> [AVAILABLE DATA]:
########

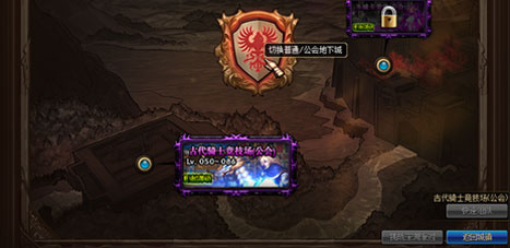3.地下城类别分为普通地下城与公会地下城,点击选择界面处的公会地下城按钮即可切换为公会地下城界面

########

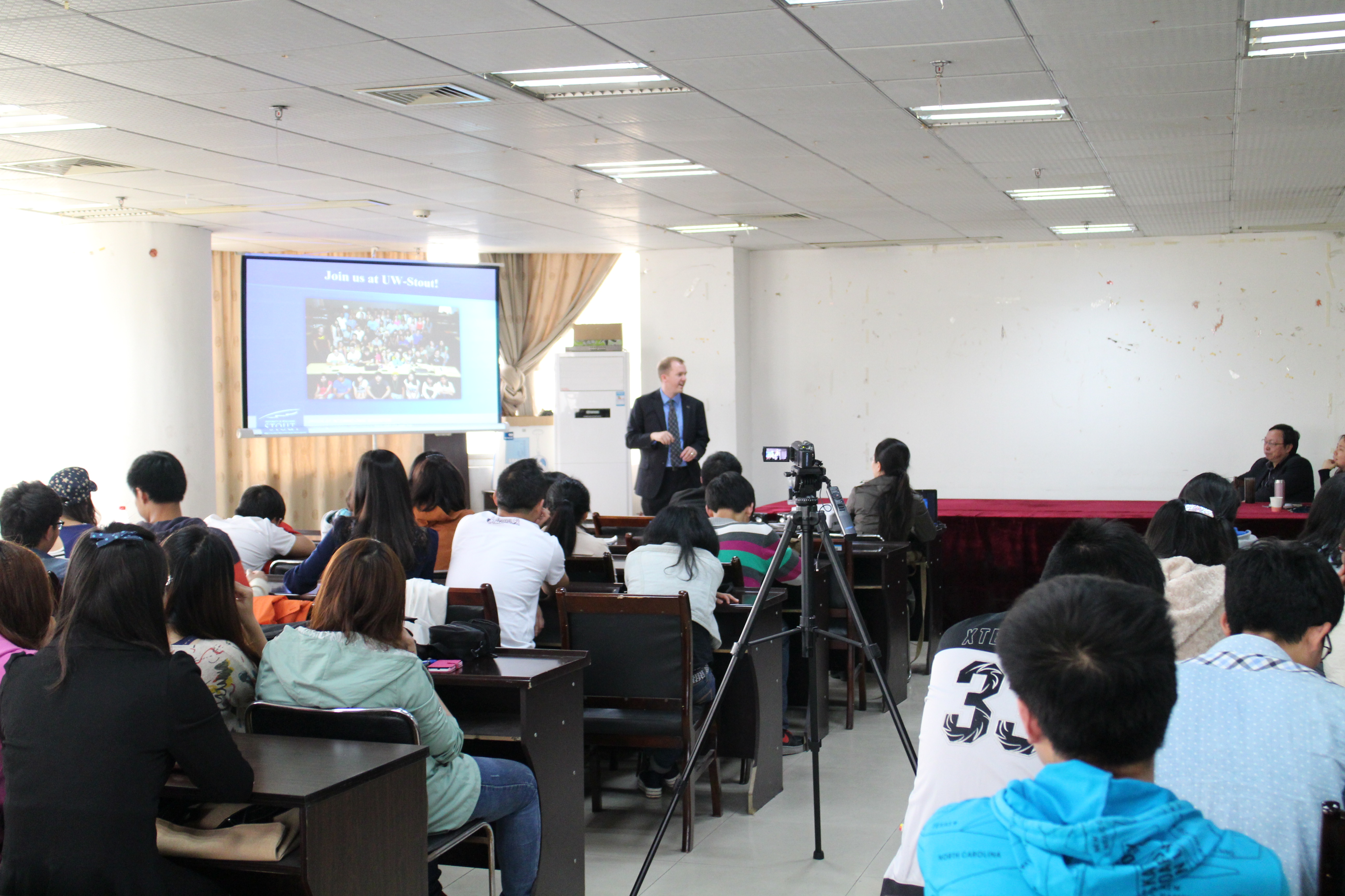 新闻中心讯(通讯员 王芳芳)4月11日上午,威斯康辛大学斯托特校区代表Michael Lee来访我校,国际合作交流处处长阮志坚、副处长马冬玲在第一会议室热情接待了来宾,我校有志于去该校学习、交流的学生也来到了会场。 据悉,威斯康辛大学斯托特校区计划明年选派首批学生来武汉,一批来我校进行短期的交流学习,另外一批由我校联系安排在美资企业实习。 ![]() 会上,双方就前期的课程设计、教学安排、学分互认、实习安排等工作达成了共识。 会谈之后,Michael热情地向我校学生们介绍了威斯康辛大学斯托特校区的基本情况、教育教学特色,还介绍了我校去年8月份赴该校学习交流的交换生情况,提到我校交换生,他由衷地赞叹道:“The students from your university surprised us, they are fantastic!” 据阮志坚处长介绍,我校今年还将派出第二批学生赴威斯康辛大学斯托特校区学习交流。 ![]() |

########

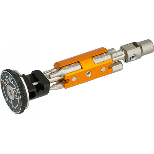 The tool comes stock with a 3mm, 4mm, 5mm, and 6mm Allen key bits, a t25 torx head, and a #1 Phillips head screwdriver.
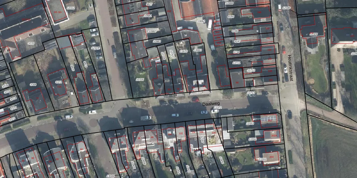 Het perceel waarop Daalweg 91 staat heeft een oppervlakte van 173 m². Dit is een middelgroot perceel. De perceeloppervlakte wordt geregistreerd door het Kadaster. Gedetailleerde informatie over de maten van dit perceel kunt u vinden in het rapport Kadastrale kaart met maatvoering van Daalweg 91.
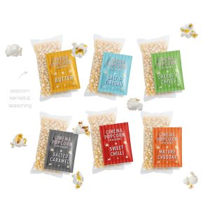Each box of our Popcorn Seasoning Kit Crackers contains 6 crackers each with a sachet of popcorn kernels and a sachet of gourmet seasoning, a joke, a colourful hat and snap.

########

With the pictures removed, print only the lines starting at the line that has "Het perceel waarop" and ending at the line that has "Each box of", both ends included, exactly as they stand above.

 Het perceel waarop Daalweg 91 staat heeft een oppervlakte van 173 m². Dit is een middelgroot perceel. De perceeloppervlakte wordt geregistreerd door het Kadaster. Gedetailleerde informatie over de maten van dit perceel kunt u vinden in het rapport Kadastrale kaart met maatvoering van Daalweg 91.
Each box of our Popcorn Seasoning Kit Crackers contains 6 crackers each with a sachet of popcorn kernels and a sachet of gourmet seasoning, a joke, a colourful hat and snap.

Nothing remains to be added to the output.